Items listed in a dataset:
##############################

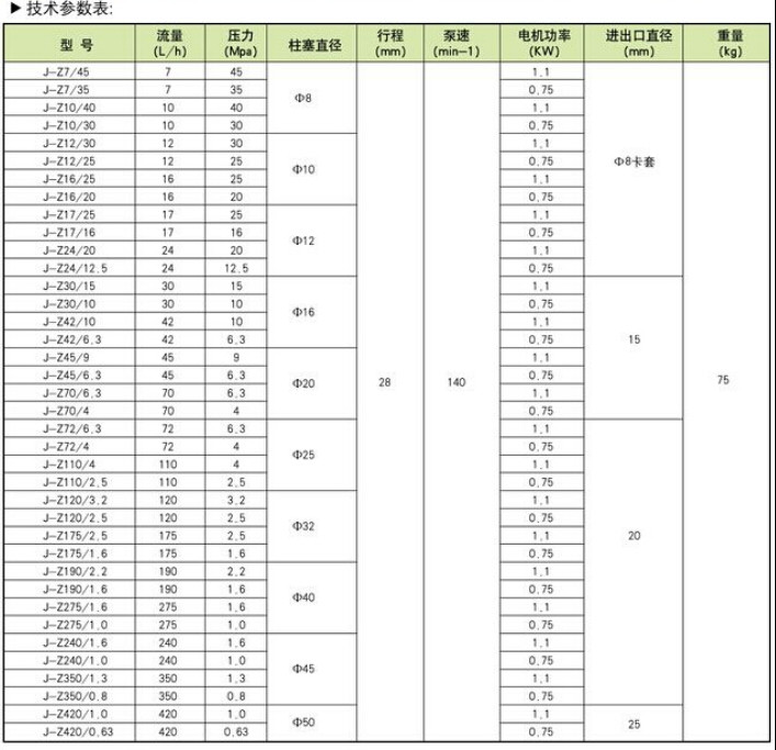 J-Z-7/45,J-Z--7/35,J-Z-10/40,J-Z-10/30,J-Z-12/30,J-Z-12/25,J-Z-16/25,柱塞式計(jì)量泵
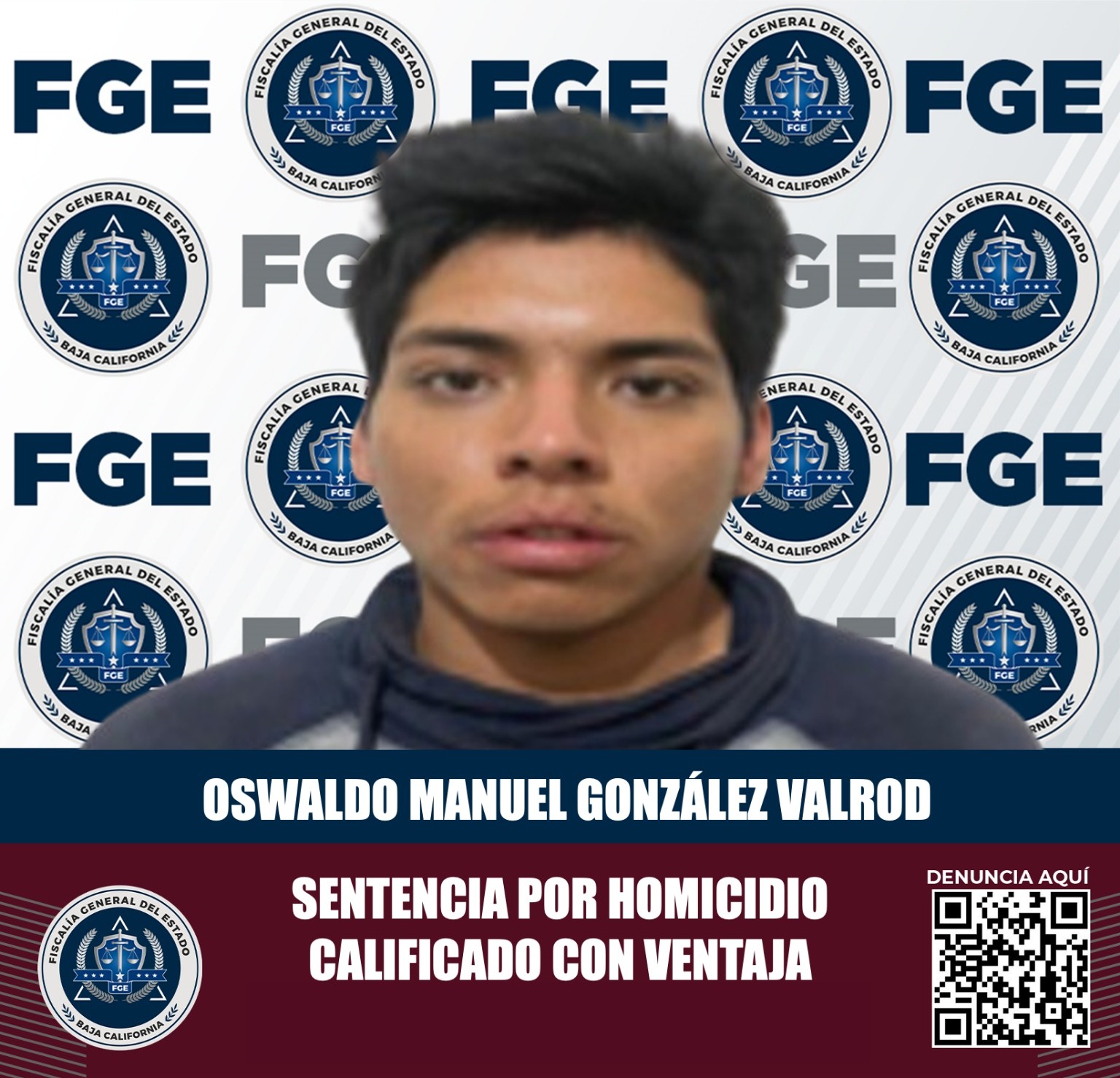 TIJUANA, B.C. La Fiscalía General del Estado, con las pruebas presentadas por el Ministerio Público, logró que se le impusiera una pena de prisión por 20 años a Oswaldo Manuel González Valrod, quien resultó responsable del delito de homicidio calificado con ventaja.
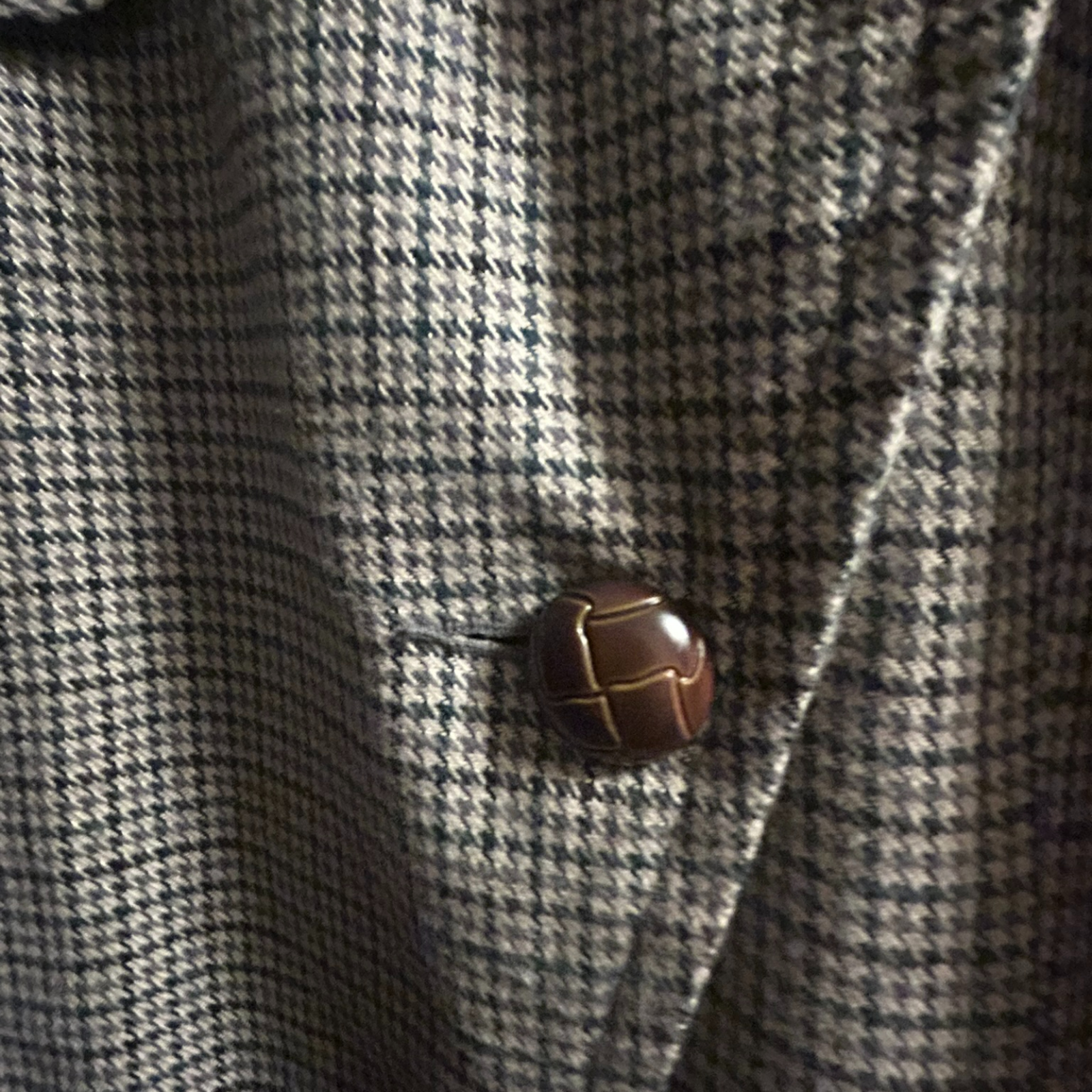 - Akzente: Gürtel, Schulterriegel, Hahnentritt, Knöpfe mit Logo
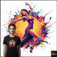Background/Style: The figure is centered against a large, glowing orange/yellow circular shape, which acts as a vibrant background for an explosion of multi-colored paint splatters (pink, blue, yellow, orange). The aesthetic is modern, neon, and high-energy.
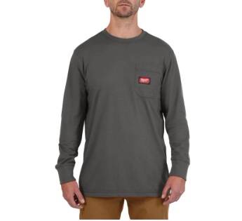 Part of the MILWAUKEE® GRIDIRON™ Collection, our Long Sleeve Pocket Tee is BUILT TO SURVIVE. Our Pocket Tees are built from durable, reliable fabric for ALL DAY PROTECTION to OUTLAST THE JOB. This long sleeve t-shirt is engineered for broken-in comfort on day one and continues to get better over time. Designed with a relaxed fit for plenty of room to move. Our moisture wicking and anti-odor technologies make the Heavy Duty Pocket T-Shirt a go-to any time of year.
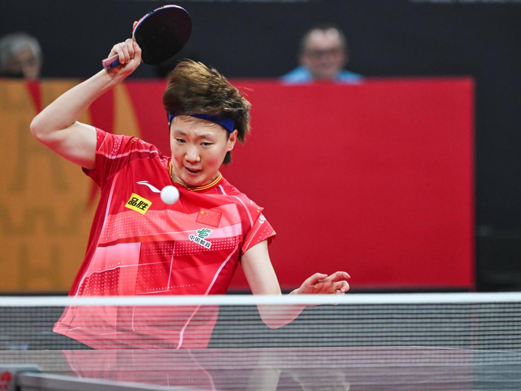 9日、女子シングルスでリターンする中国の王曼昱。日本の早田ひなを3-0で下した。(成都=新華社記者/王曦)
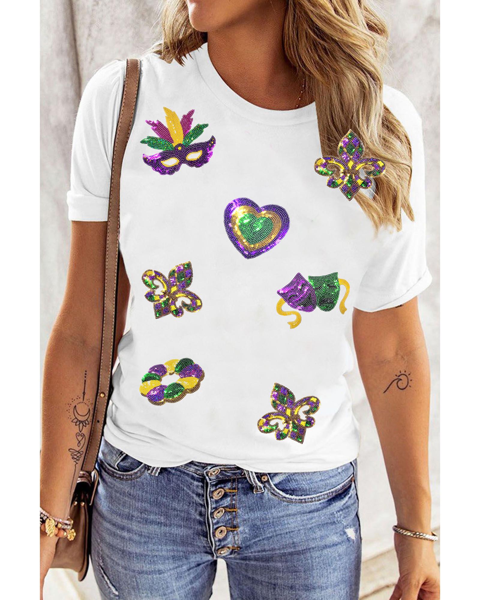 • White Sequined Mardi Gras Symbolic Pattern Casual Tee
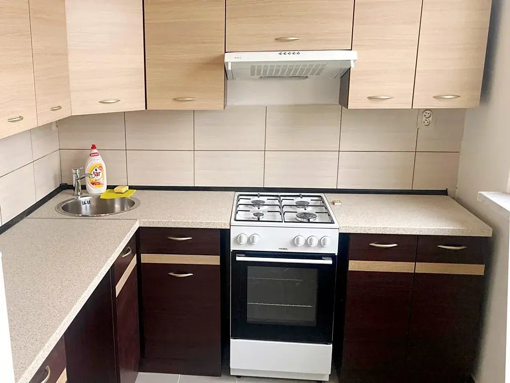 Byt je ve velice dobrém stavu a umožňuje pohodlné a klidné bydlení. Před nedávnem bylo kompletně rekonstruováno bytové jádro a položena dlažba v předsíni a kuchyni. V kuchyni byla dále namontována nová kuchyňská linka. Oba obytné pokoje jsou velké a mají orientaci oken, stejně jako kuchyně, k západu. K dispozici je také balkón. Byt je také částečně vybaven – v kuchyni je zánovní kombinovaná lednice s mrazákem, pračka, skříň, v obýváku je sedací souprava. Další vybavení na fotografiích je ve vlastnictví stávajícího nájemce, který je připraven projednat jejich ponechání v bytě.
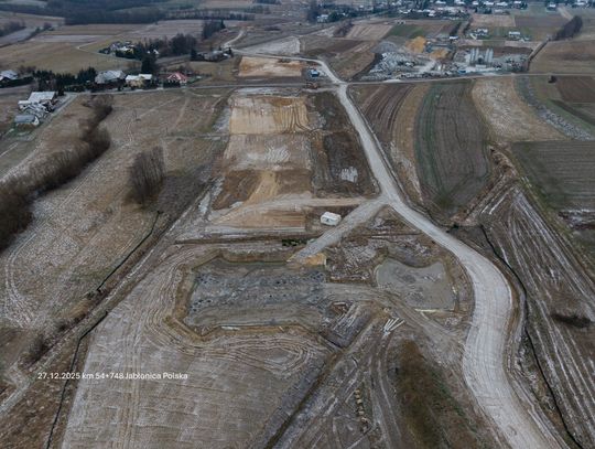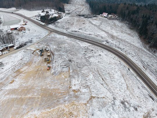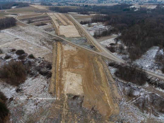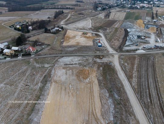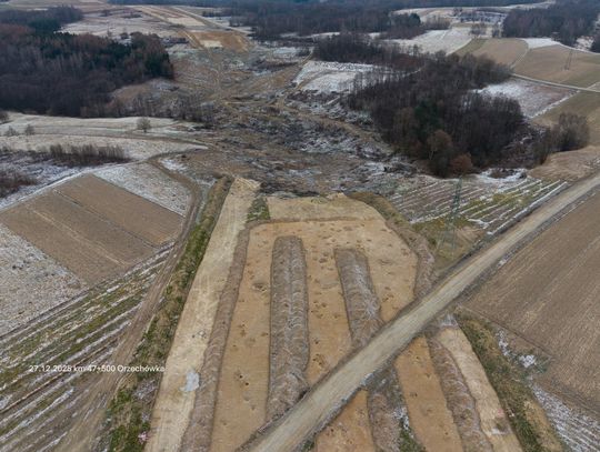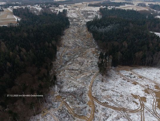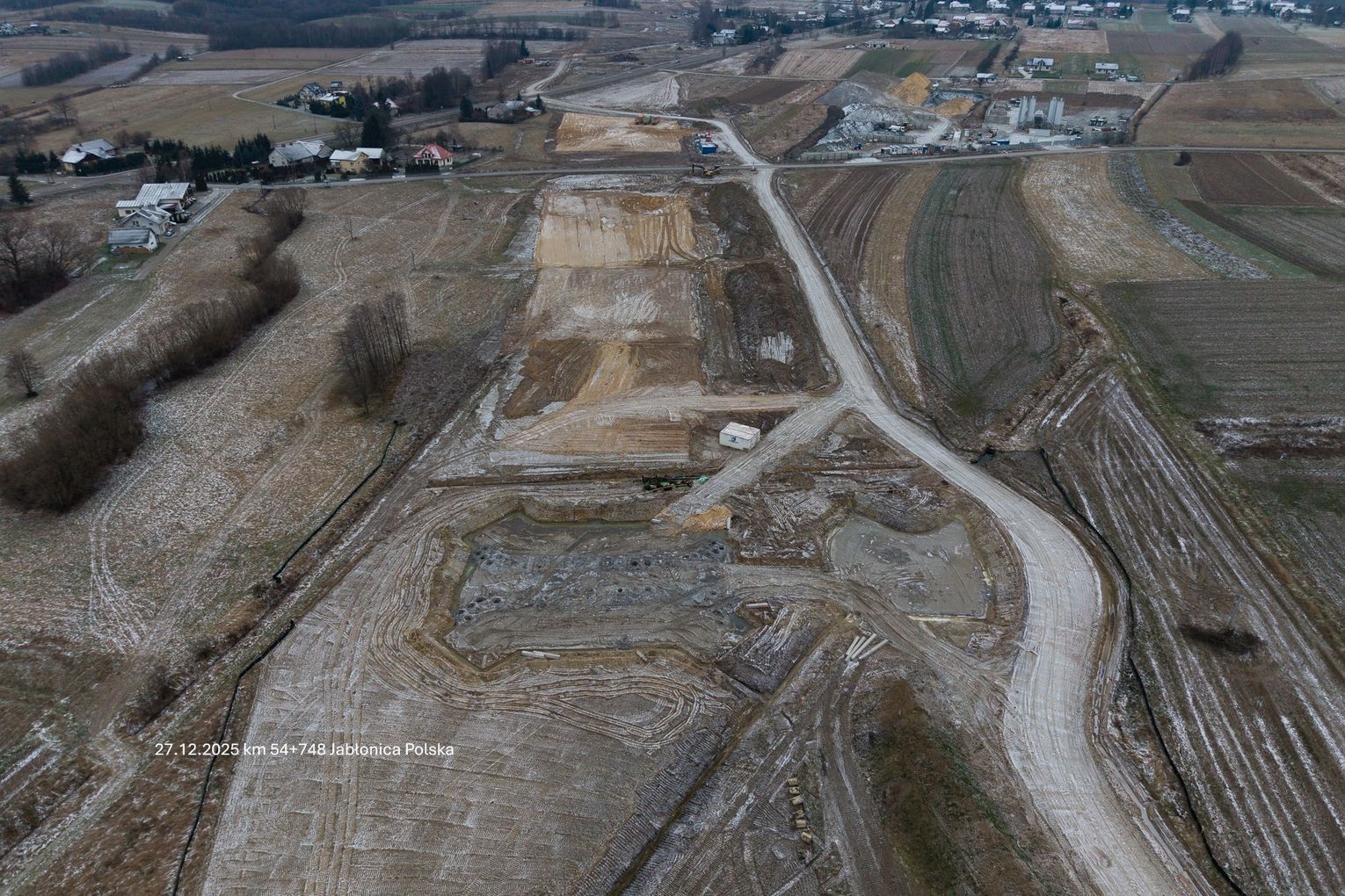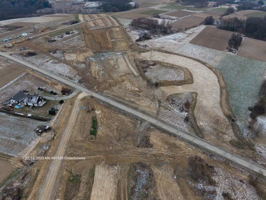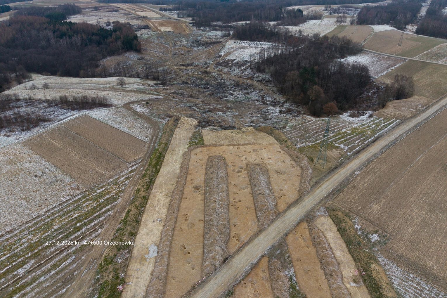 W dniach 1-7 grudnia 2025 r. prowadzono przede wszystkim transport i magazynowanie materiałów budowlanych, w tym kruszyw, piasku i pospółki. Równolegle realizowano rozbiórki budynków w Orzechówce oraz prace ziemne - odhumusowanie i wykopy na wybranych odcinkach trasy oraz na terenie MOP „Zagórze” (prawy). Intensywnie pracowano także przy obiektach inżynierskich, m.in. PS-1-5, MS-1-6 oraz ES-1-26. Całość robót odbywała się pod stałym nadzorem archeologicznym, saperskim i przyrodniczym. Kontynuowano również przebudowę licznych kolizji sanitarnych, wodociągowych, gazowych, elektroenergetycznych i teletechnicznych.

##############################

## Problem to solve
Pictures aside, return exactly the lines from the data above, starting at the line that has "Part of the" and ending at the line that has "Pattern Casual Tee", both included.

## Task result
 Part of the MILWAUKEE® GRIDIRON™ Collection, our Long Sleeve Pocket Tee is BUILT TO SURVIVE. Our Pocket Tees are built from durable, reliable fabric for ALL DAY PROTECTION to OUTLAST THE JOB. This long sleeve t-shirt is engineered for broken-in comfort on day one and continues to get better over time. Designed with a relaxed fit for plenty of room to move. Our moisture wicking and anti-odor technologies make the Heavy Duty Pocket T-Shirt a go-to any time of year.
 9日、女子シングルスでリターンする中国の王曼昱。日本の早田ひなを3-0で下した。(成都=新華社記者/王曦)
 • White Sequined Mardi Gras Symbolic Pattern Casual Tee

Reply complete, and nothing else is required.